The Department of Public Works has not reported any incidents throughout the county, Blakeman said.

Blakeman said the Atlantic Beach and the Bayville Bridge were being inspected as he spoke at the press conference around 12:30 p.m.

Blakeman said the county spoke with a geologist from the United States Geological Department who said that while aftershocks might occur, they will not be nearly as severe as the earthquake and are not likely to cause damages.

The county executive said the only damage he was aware of was a tree knocked down in Suffolk County, though he could not confirm if the fallen tree was caused by the earthquake.

He called this earthquake a “good learning experience” for public safety officials.

“Some people belittle how much money and time we spend on training and going through all of our emergency operations,” Blakeman said. “You never know what you’ll wake up to in the morning.”

The earthquakes comes soon after a posting by the Blakeman administration seeking to recruit armed residents to aid in county emergencies.

With school in session, local districts have reported updates on student safety.

“RSD Alert Earthquake reported. All students and staff are safe,” wrote the Roslyn School District in a text to district residents.

There was no damage to the facilities at the Roslyn School District, according to an email by Superintendent Allison Brown.

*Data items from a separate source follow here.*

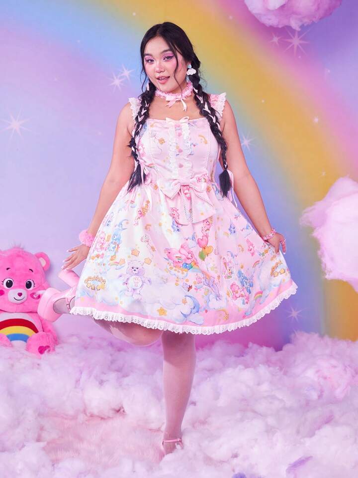 ROMWE X Care Bears Talla grande Vestido con estampado de dibujos animados ribete con encaje con lazo delantero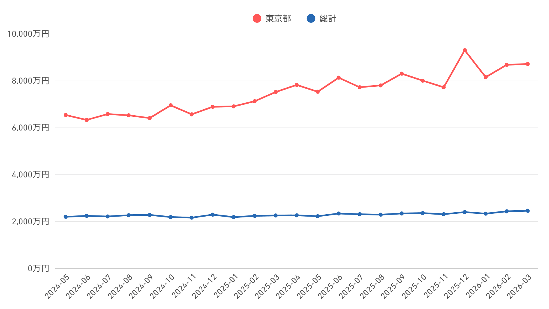 本調査では、東京の急激な価格高騰が全国平均を大きく牽引する一方で、地方では下落傾向が見られるなど、不動産市場における「二極化」が鮮明となった実態を報告いたします。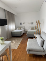 I rented a Botica studio for just over 2 months. The studio was bright, clean and spacious as was the entire building. Very well kept. Asides from the kitchenette in my studio there was also a full kitchen available if one wished to use and laundry facilities were also available. As for the location it was perfect. Right in the center of Espinho, food market, train and beach less than 5 mins walk.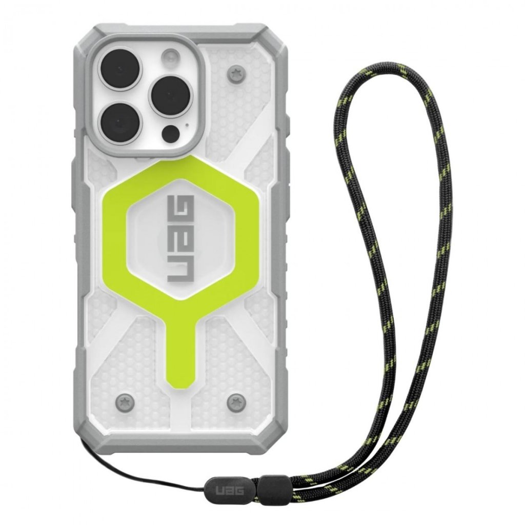 UAG Pathfinder Clear Magsafe iPhone 16 Pro s aktívnym neónovým pútkom

There were no damages to school facilities and all students and staff members are school at the Port Washington School District, East Williston School District, Floral Park-Bellerose School District, Mineola School District, Great Neck School District, Sewanhaka School District, New Hyde Park-Garden City Park School District and Herricks School District, according to administrative employees.

Efforts to reach the North Shore School District and the Manhasset School District were unavailing.

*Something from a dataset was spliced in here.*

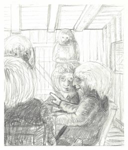 The Fisherman and his Wife; Pen and ink with pencil shading, 1973.

There were no reports of injuries or damages at Hofstra facilities, according to an email sent by Hofstra University to students.

No damages were reported at the county legislature’s Democratic caucus, according to communications director Danny Shrafel.

“I was in a staff meeting when it happened and initially, really, the first thought was it felt like a truck driving past our building at some speed that kept shaking the building,” Shrafel said. “And then we started getting texts and emails and phone calls saying, ‘Did you feel that? Did you feel that?’”

No damages were reported at Hempstead town hall and proceedings should move on without any stalls, town spokesman Umberto Mignardi said.

This 4.8 magnitude quake comes close to the worst reported seismic incident in New Jersey, which was also its first reported earthquake: a 5.3 magnitude earthquake in 1783.